▶ **REQUIRED WORK**
Repeat the entries exactly as they are written.

EXTRACTED INFORMATION START

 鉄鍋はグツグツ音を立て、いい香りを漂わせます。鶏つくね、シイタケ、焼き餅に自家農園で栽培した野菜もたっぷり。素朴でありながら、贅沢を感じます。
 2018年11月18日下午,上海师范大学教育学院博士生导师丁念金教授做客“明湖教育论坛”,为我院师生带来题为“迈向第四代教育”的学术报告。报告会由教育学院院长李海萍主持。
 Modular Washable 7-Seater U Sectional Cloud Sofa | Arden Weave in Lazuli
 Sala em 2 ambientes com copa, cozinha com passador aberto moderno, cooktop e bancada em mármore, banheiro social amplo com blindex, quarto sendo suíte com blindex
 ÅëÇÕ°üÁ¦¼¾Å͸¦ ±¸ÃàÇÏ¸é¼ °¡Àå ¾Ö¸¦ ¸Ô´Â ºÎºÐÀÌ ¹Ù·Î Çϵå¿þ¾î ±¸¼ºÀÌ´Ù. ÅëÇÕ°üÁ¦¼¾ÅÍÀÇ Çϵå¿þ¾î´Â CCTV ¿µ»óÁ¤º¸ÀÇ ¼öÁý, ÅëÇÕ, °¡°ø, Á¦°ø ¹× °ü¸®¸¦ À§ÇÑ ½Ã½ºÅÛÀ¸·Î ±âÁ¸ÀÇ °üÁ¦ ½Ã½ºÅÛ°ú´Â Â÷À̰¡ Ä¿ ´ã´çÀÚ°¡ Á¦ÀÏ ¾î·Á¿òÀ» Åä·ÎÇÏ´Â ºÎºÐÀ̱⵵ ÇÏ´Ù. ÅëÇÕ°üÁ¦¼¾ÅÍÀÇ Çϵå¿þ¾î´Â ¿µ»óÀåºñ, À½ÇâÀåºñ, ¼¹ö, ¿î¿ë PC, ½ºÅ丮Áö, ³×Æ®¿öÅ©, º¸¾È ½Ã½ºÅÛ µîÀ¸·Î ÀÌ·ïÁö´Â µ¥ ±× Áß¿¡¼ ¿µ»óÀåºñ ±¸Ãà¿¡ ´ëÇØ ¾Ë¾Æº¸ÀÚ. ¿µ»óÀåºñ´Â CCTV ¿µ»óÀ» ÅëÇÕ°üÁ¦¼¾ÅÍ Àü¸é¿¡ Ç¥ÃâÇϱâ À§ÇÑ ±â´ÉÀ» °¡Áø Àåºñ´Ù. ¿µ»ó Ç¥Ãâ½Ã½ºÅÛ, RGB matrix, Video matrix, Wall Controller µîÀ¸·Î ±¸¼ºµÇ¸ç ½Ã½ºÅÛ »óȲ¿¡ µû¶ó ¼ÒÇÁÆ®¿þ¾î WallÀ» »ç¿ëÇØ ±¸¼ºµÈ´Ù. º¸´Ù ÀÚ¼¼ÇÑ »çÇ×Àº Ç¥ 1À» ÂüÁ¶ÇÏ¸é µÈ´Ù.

EXTRACTED INFORMATION END

▶ **REPLY TO THE EXERCISE**
 鉄鍋はグツグツ音を立て、いい香りを漂わせます。鶏つくね、シイタケ、焼き餅に自家農園で栽培した野菜もたっぷり。素朴でありながら、贅沢を感じます。
 2018年11月18日下午,上海师范大学教育学院博士生导师丁念金教授做客“明湖教育论坛”,为我院师生带来题为“迈向第四代教育”的学术报告。报告会由教育学院院长李海萍主持。
 Modular Washable 7-Seater U Sectional Cloud Sofa | Arden Weave in Lazuli
 Sala em 2 ambientes com copa, cozinha com passador aberto moderno, cooktop e bancada em mármore, banheiro social amplo com blindex, quarto sendo suíte com blindex
 ÅëÇÕ°üÁ¦¼¾Å͸¦ ±¸ÃàÇÏ¸é¼ °¡Àå ¾Ö¸¦ ¸Ô´Â ºÎºÐÀÌ ¹Ù·Î Çϵå¿þ¾î ±¸¼ºÀÌ´Ù. ÅëÇÕ°üÁ¦¼¾ÅÍÀÇ Çϵå¿þ¾î´Â CCTV ¿µ»óÁ¤º¸ÀÇ ¼öÁý, ÅëÇÕ, °¡°ø, Á¦°ø ¹× °ü¸®¸¦ À§ÇÑ ½Ã½ºÅÛÀ¸·Î ±âÁ¸ÀÇ °üÁ¦ ½Ã½ºÅÛ°ú´Â Â÷À̰¡ Ä¿ ´ã´çÀÚ°¡ Á¦ÀÏ ¾î·Á¿òÀ» Åä·ÎÇÏ´Â ºÎºÐÀ̱⵵ ÇÏ´Ù. ÅëÇÕ°üÁ¦¼¾ÅÍÀÇ Çϵå¿þ¾î´Â ¿µ»óÀåºñ, À½ÇâÀåºñ, ¼¹ö, ¿î¿ë PC, ½ºÅ丮Áö, ³×Æ®¿öÅ©, º¸¾È ½Ã½ºÅÛ µîÀ¸·Î ÀÌ·ïÁö´Â µ¥ ±× Áß¿¡¼ ¿µ»óÀåºñ ±¸Ãà¿¡ ´ëÇØ ¾Ë¾Æº¸ÀÚ. ¿µ»óÀåºñ´Â CCTV ¿µ»óÀ» ÅëÇÕ°üÁ¦¼¾ÅÍ Àü¸é¿¡ Ç¥ÃâÇϱâ À§ÇÑ ±â´ÉÀ» °¡Áø Àåºñ´Ù. ¿µ»ó Ç¥Ãâ½Ã½ºÅÛ, RGB matrix, Video matrix, Wall Controller µîÀ¸·Î ±¸¼ºµÇ¸ç ½Ã½ºÅÛ »óȲ¿¡ µû¶ó ¼ÒÇÁÆ®¿þ¾î WallÀ» »ç¿ëÇØ ±¸¼ºµÈ´Ù. º¸´Ù ÀÚ¼¼ÇÑ »çÇ×Àº Ç¥ 1À» ÂüÁ¶ÇÏ¸é µÈ´Ù.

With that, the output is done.